Why would Abbott enter politics if he detested the practice? Well, at the time he came into politics in the 1860s, politics were closely associated with the railway and it comes back to his love of the railroad that brought him into a leadership role.

As prime minister, he became the first or two prime ministers to hold office while in the Senate rather than the House of Commons.

The country was soon finding itself in an economic recession, and the same year that Abbott took office he was also dealing with the McGreevy-Langevin scandal. This scandal erupted when Hector-Louis Langevin, the Minister of Public Works, had conspired with Thomas McGreevy to defraud the government. This took a major toll on the Conservative Party, which found itself fracturing. Nonetheless, Abbott got down to work on government business including bringing changes to the civil service and revising the criminal code. Abbott’s ability as prime minister was showing when through 52 by-elections during his term, 42 were won by his party, which increased his seat number in the House of Commons by 13. Abbott did work hard during his brief time, clearing out the government backlog left during Macdonald’s time in office. Many saw him as a worthy successor to Macdonald for his ability to increase the confidence inside and outside the party during his time in office.

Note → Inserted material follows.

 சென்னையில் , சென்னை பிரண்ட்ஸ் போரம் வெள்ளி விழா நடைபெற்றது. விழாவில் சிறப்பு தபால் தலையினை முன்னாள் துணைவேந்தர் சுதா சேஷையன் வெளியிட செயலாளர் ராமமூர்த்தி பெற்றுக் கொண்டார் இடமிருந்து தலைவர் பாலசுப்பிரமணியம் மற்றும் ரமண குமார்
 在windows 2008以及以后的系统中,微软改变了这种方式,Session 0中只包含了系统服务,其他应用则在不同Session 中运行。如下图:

Sadly, Abbott was in his early-70s and one year into office he attempted to make Thompson prime minister but anti-Catholic sentiment among the Conservatives prevented this.

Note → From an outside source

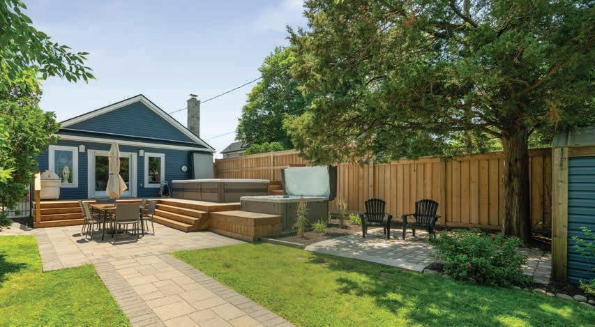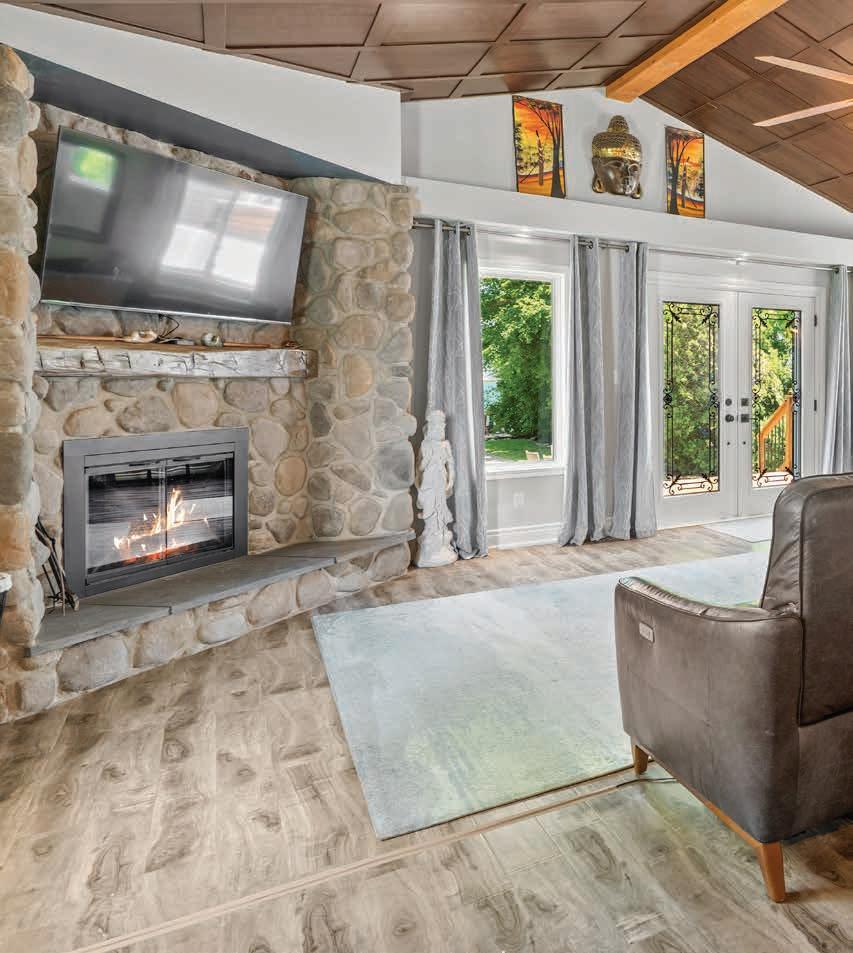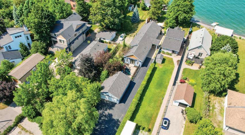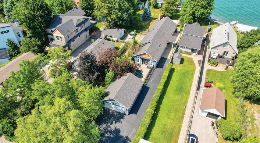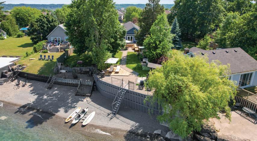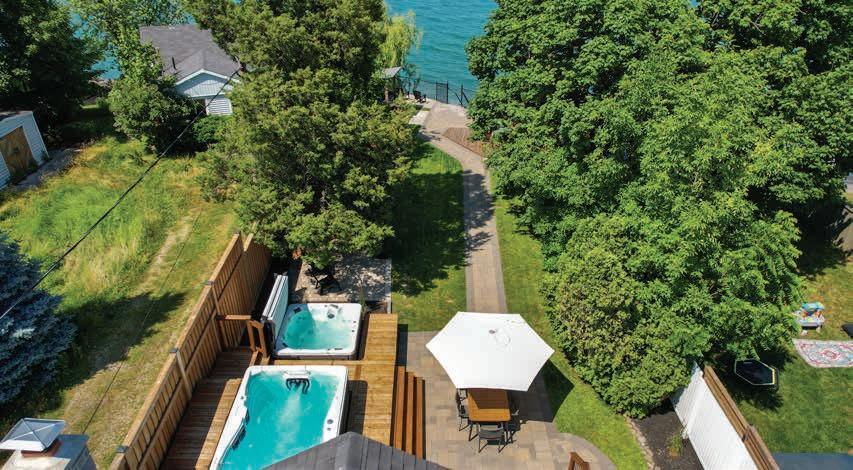 The Rear Gardens and Outdoor Living Area feature a fully-fenced perimeter, outdoor lighting, brand-new pressure-treated wood deck, swim spa and hot tub, interlock stone patios, outdoor bar, lush greenery and mature trees, two storage sheds, private sandy beachfront and undisturbed lakefront views.

In 1892, Abbott was suffering from the early stages of brain cancer. In October he left for England to seek Medical assistance and then resigned his role as prime minister soon after. He would retire on Nov. 24, 1892, with John Thompson taking over as prime minister. Following his resignation, Abbott was knighted, becoming the second prime minister to receive the honour after Sir John A. Macdonald. Abbott would die less than a year later on Oct. 30, 1893.

His funeral would be held on Nov. 2, 1893 at the Christ Church Cathedral, with the wealthiest and most powerful men in Canada attending. His wife Mary would survive him by five years, passing away in 1898.

In 1938, Abbott was named a Person of National Historic Significance. In 1971, John Abbott College opened on a campus shared with the Macdonald College of McGill University. Mount Sir John Abbott, located in the Premier Range of the Cariboo Mountains in British Columbia is named for Abbott. Originally known as Mount Kiwa, it was one of the first mountains in the Premier Range to be named for a prime minister. It was officially named for him on Sept. 6, 1927. In Quebec, there is also a town called St. Paul d’Abbotsford, which is named for his family.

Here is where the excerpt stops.